In an atrocity that long remained unknown to the American public, eleven soldiers of the 333rd FA Battalion were murdered by German troops during the battle. These men had been captured when their unit was overrun but later managed to escape. While trying to regain the US line, they were recaptured near the Belgian village of Wereth by a German patrol of the 1st SS Panzer Division. There and then the SS troops brutally killed their prisoners, bludgeoning and bayoneting the unarmed men to death. Only in 1994 was the terrible fate of the Wereth Eleven widely publicized and in 2013 a congressional resolution recognized their sacrifice.

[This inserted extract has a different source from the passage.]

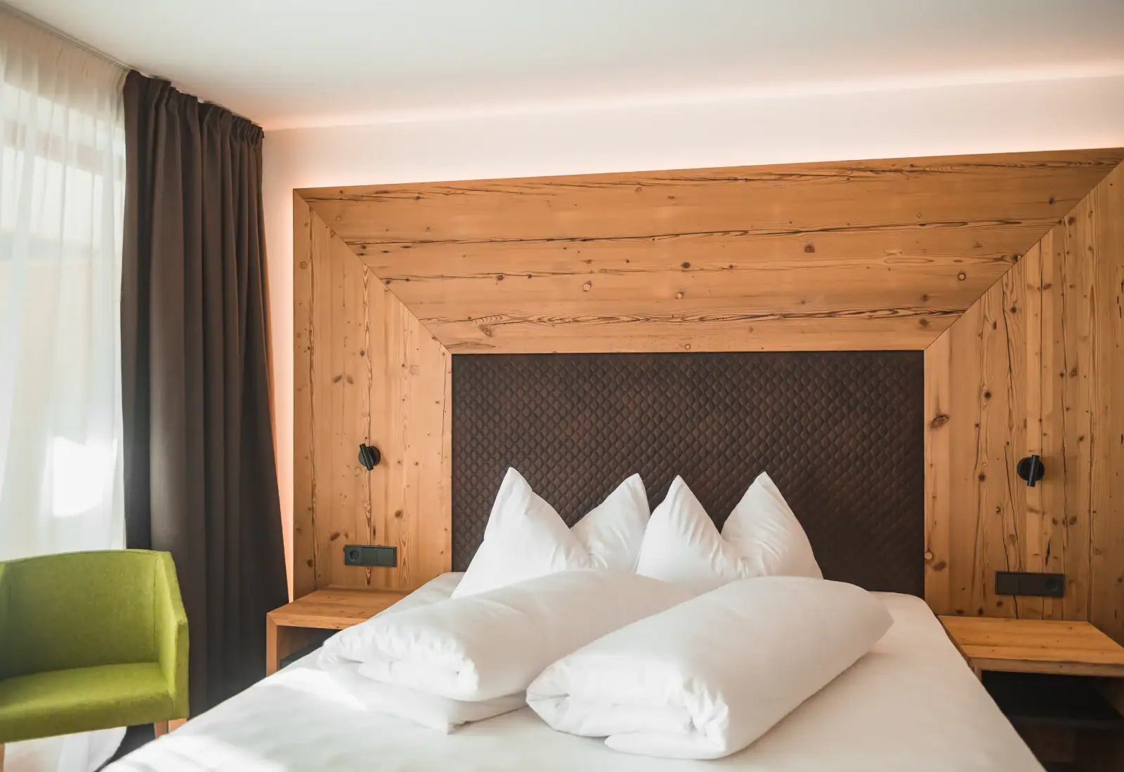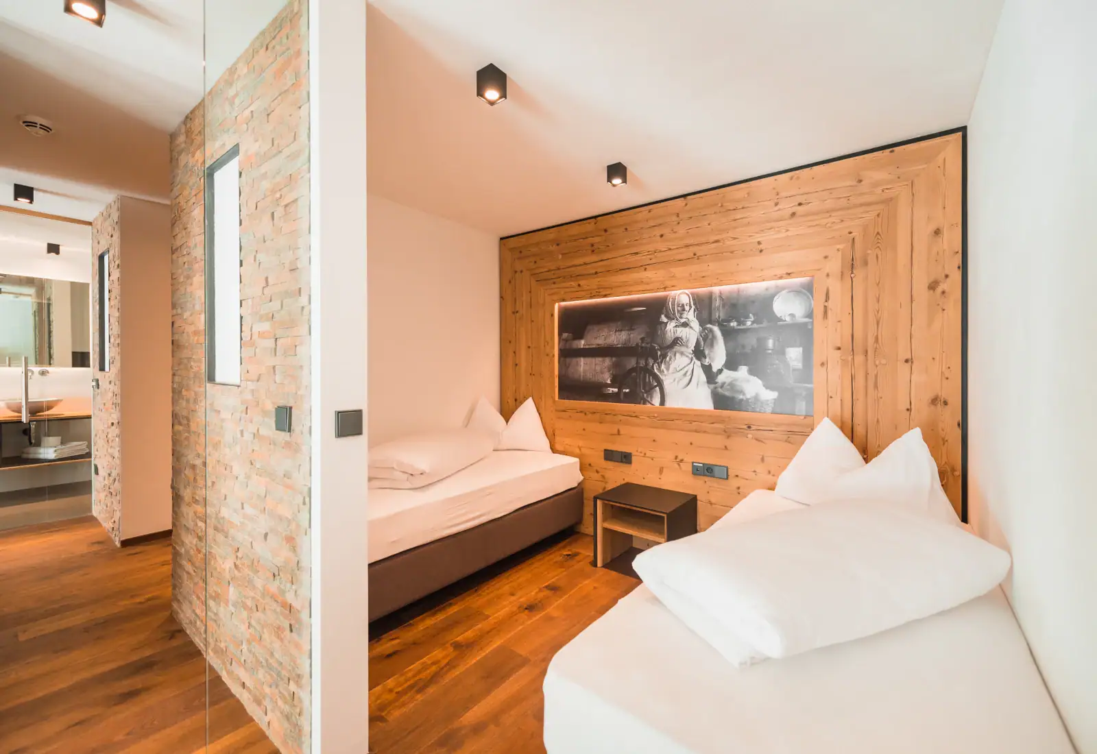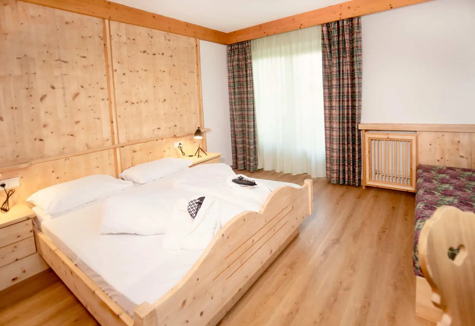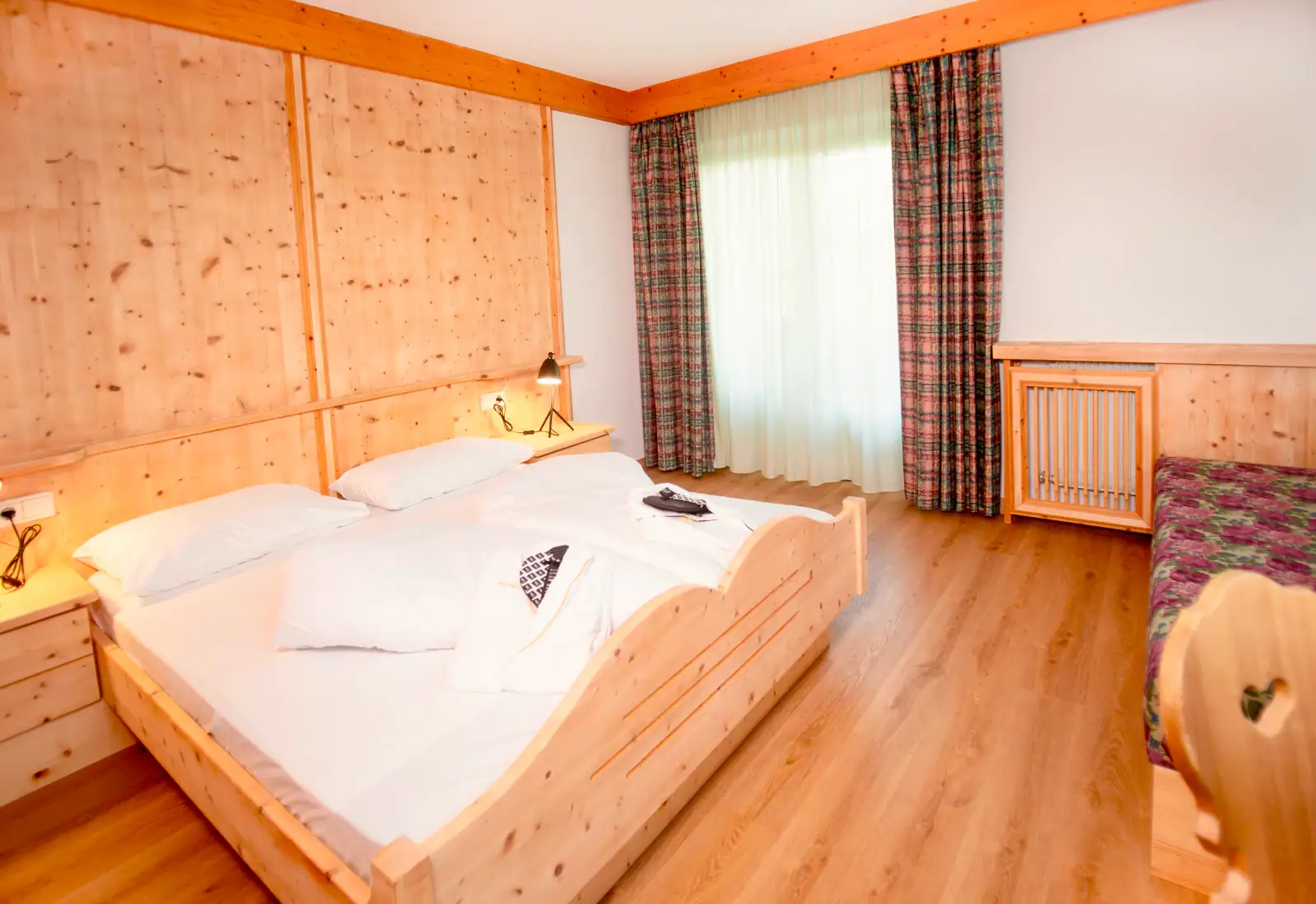Moidl Boutique Room | Moidl Boutique RoomDimensione:24 mq Persone:2/ 4 Per dormire come un vero “Moidl” (antico soprannome altoatesino di Maria)! La camera è arredata in tipico stile tirolese, con grande cura dei dettagli e begli arredi in legno chiaro. Confortevole, moderna e luminosa, con un tocco rustico. Ideale per famiglie con un bambino. Dispone di letto matrimoniale, divano letto, bagno con doccia e balcone |

After the Battle of the Bulge, the 333rd FA Group and its attached battalions soldiered on until the end of the war in Europe. All were inactivated in 1946, but the 333rd and 969th were later reactivated and served postwar. In the late 1950s, when the Army decided to restore regimental identities in the Artillery branch, the firing batteries of the 969th FA became Batteries D, E, and F of the 333rd Artillery Regiment. In 1971, Battery D was redesignated as 4th Battalion, 333rd Artillery (redesignated again as the 333rd Field Artillery Regiment in 1972 when Field Artillery and Air Defense Artillery were made separate Army branches), withdrawn from the Regular Army, assigned to the Army Reserve, and headquartered in South Bend, Indiana. The Fourth of the Triple Three thus perpetuated the lineage and honors of the 969th FA Battalion. The 4-333 FA's peacetime higher headquarters was the 428th FA Brigade, also a Reserve unit located in South Bend. Its CAPSTONE (mobilization) higher headquarters was the 212th FA Brigade, located at Fort Sill, Oklahoma. Soldiers of the 4-333 FA wore the shoulder sleeve insignia of the 428th FA Brigade.
After many years of faithful service, the Fourth of the Triple Three was inactivated at South Bend, Indiana, on 14 August 1993. Today, a single separate target acquisition battery (TAB) in the Regular Army is the sole active representative of the 333rd Field Artillery Regiment.
I designed this this coat of arms to commemorate the twentieth anniversary of the inactivation of the 4th Battalion, 333rd Field Artillery, in which I served for many years. The blazon (heraldic description) and symbolism of the coat of arms are as follows:
BLAZON: Azure, a chief or, in chief three roundels gules, in base an arrowsheaf of the second, point down. Crest: On a wreath of the colors third and second a lion passant regardant of the second, armed and tongued of the third, bearing the guidon of Headquarters Battery, 4th Battalion, 333rd Field Artillery, proper. Motto: ROUNDS COMPLETE.
SYMBOLISM: Blue and yellow (gold) are the colors of the United States Army; scarlet and yellow are the colors of the Field Artillery branch. The three colors of the shield, three roundels and three arrows suggest the regimental designation. The three roundels and three arrows additionally suggest the regimental motto: THREE ROUNDS. The arrows, suggesting the unit’s ability to engage the enemy at long range, are point down to symbolize the completion of the unit’s mission and its honorable inactivation. The crest displays a lion, the heraldic symbol of Belgium, where the unit won the Presidential Unit Citation and the Belgian Croix d'Guerre with Palm for action at Bastogne during World War II. The lion is depicted “passing in review” with the guidon of Headquarters Battery, symbolizing the unit’s inactivation ceremony. The motto, ROUNDS COMPLETE, is the message transmitted to signify that a Field Artillery unit has completed its assigned fire mission.